INFORMATION SHOWN:
══════════════════════════════
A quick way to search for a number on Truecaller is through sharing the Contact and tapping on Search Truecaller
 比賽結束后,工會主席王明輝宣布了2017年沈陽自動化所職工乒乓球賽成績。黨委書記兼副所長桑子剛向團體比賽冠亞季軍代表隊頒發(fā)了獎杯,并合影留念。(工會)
══════════════════════════════
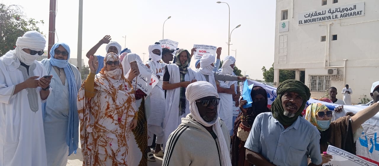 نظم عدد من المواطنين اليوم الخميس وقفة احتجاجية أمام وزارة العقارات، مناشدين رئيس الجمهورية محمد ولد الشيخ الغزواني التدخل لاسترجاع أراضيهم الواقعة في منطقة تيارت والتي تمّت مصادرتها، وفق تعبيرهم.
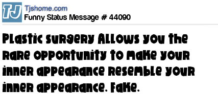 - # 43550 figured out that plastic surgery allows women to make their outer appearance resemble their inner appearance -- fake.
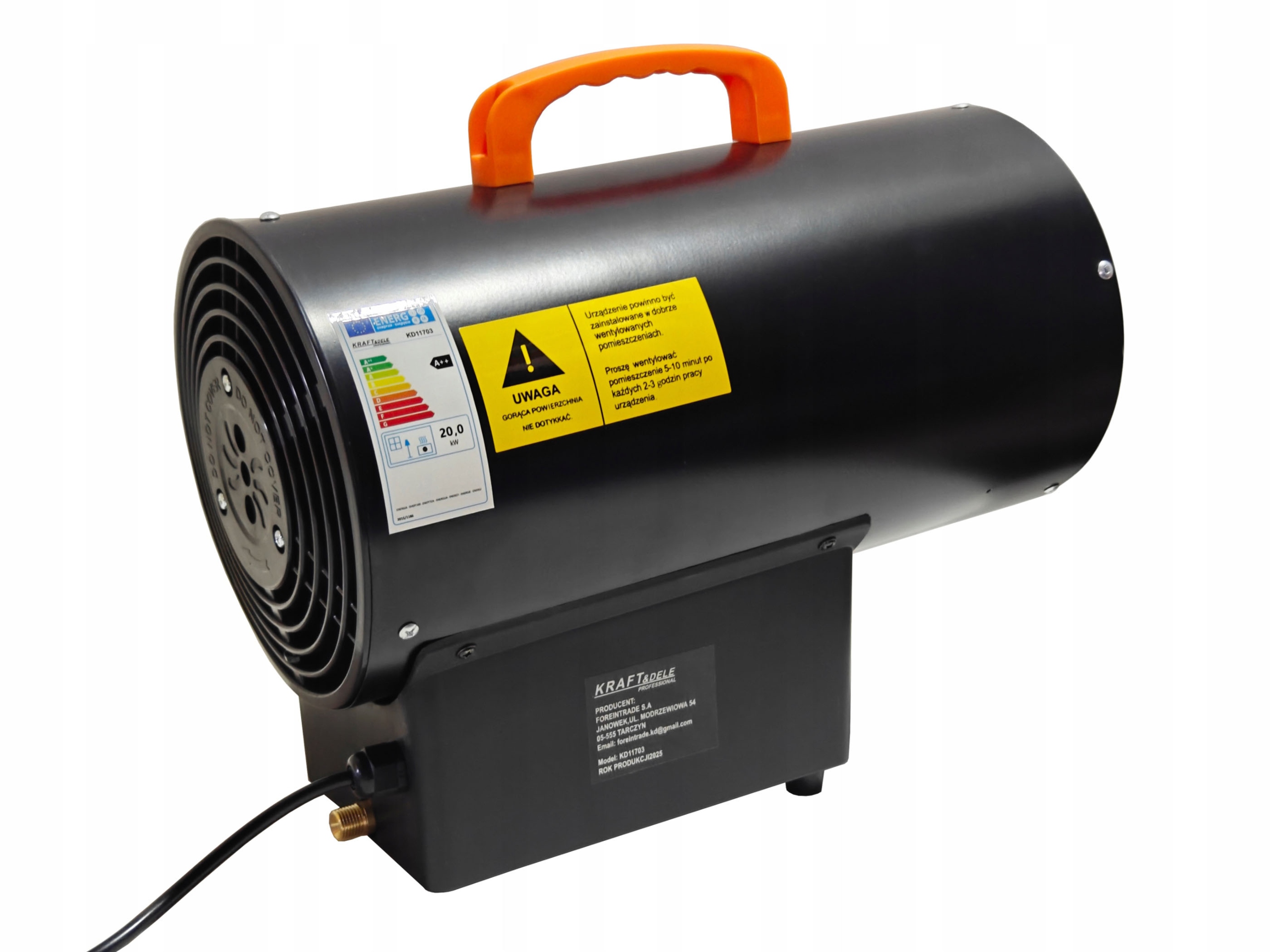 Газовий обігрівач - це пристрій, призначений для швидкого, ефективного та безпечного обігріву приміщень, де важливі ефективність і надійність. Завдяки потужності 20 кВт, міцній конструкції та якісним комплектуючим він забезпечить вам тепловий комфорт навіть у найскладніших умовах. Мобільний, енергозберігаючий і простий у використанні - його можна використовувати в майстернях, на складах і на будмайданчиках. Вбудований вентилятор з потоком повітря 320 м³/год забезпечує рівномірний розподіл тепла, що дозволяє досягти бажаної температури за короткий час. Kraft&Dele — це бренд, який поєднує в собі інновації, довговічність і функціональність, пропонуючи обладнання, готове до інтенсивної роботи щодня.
══════════════════════════════
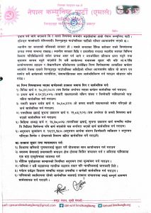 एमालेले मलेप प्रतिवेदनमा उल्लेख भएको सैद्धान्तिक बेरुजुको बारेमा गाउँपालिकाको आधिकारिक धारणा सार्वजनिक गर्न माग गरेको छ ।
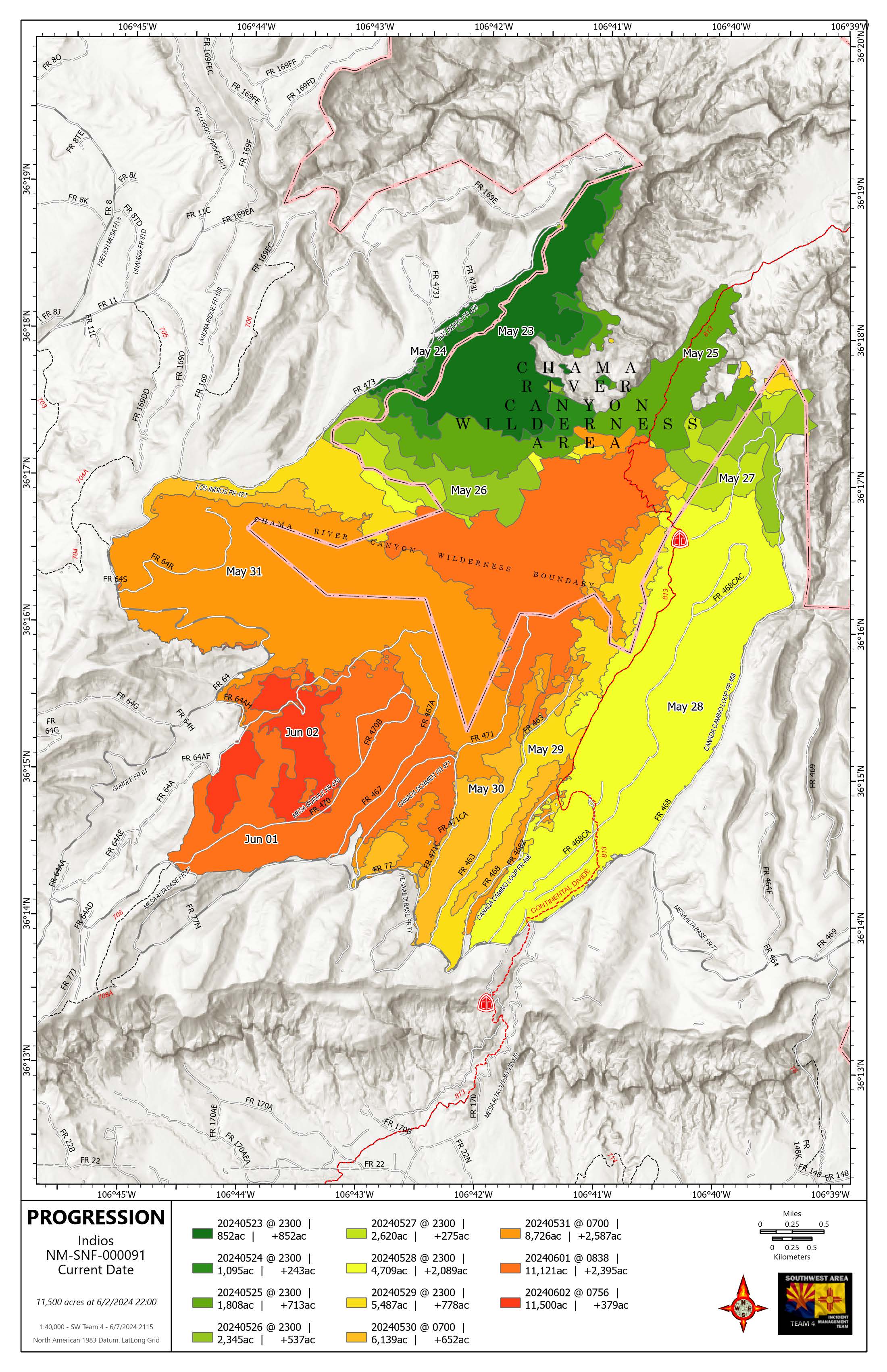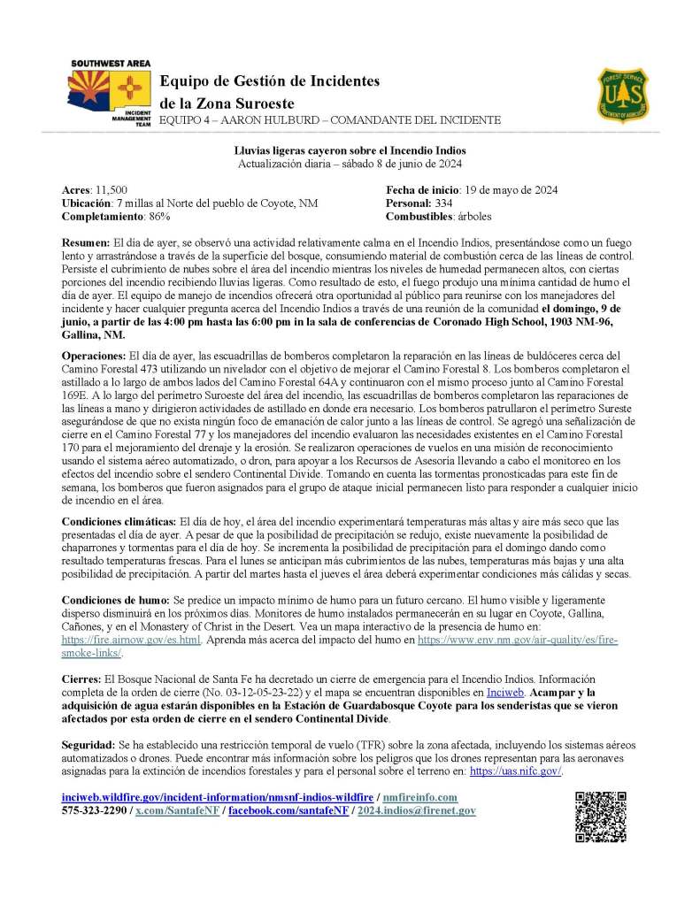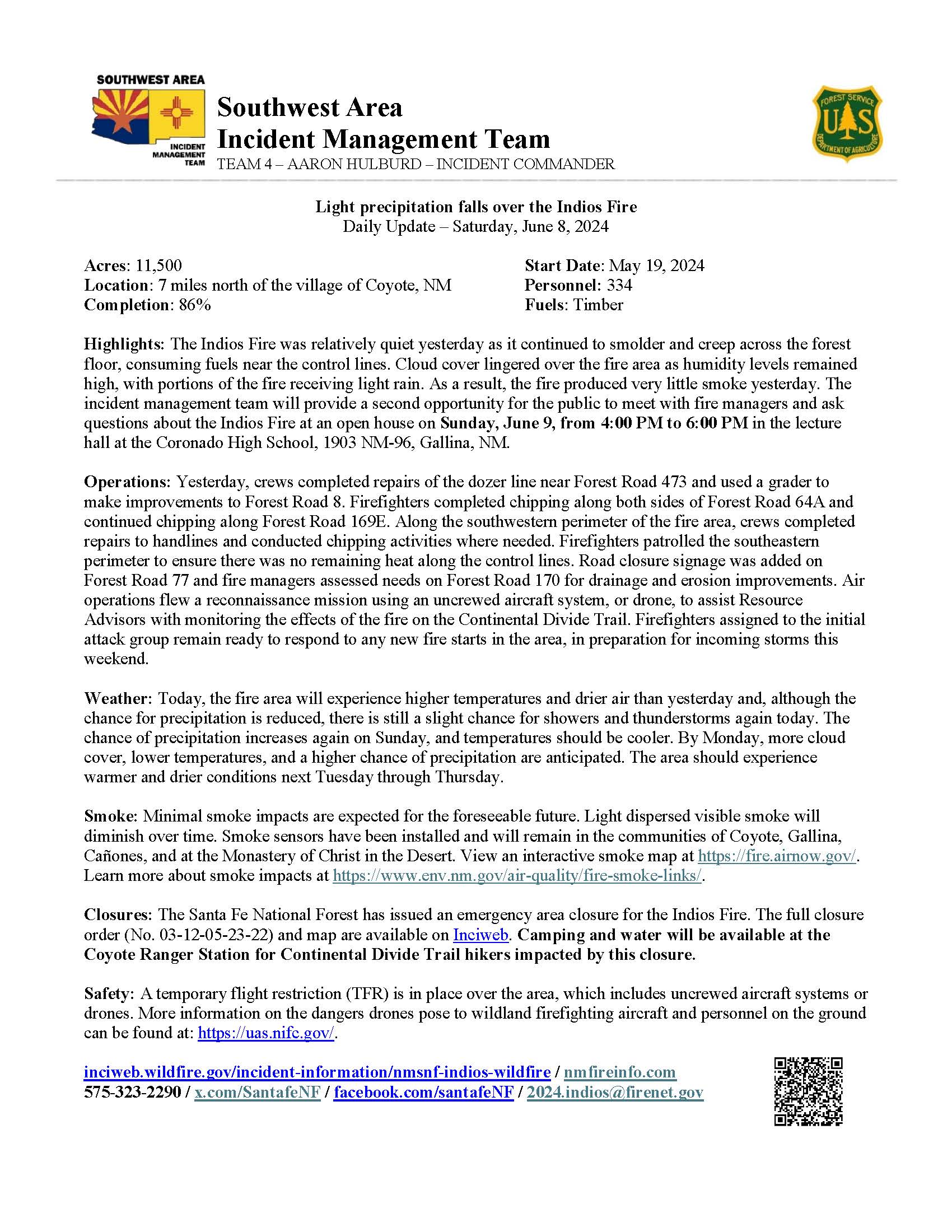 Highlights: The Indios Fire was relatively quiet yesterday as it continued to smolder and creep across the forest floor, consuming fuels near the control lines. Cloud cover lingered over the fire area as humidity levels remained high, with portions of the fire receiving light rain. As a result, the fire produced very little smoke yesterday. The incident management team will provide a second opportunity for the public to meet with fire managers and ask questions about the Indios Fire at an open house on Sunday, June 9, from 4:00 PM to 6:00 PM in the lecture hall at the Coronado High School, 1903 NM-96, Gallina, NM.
══════════════════════════════
YOUR OBJECTIVE: For the listing above, print only the lines starting at the line containing "A quick way" and ending at the line containing "比賽結束后,工會主席王明輝宣", exactly, both included.

COMPLETED TASK:
A quick way to search for a number on Truecaller is through sharing the Contact and tapping on Search Truecaller
 比賽結束后,工會主席王明輝宣布了2017年沈陽自動化所職工乒乓球賽成績。黨委書記兼副所長桑子剛向團體比賽冠亞季軍代表隊頒發(fā)了獎杯,并合影留念。(工會)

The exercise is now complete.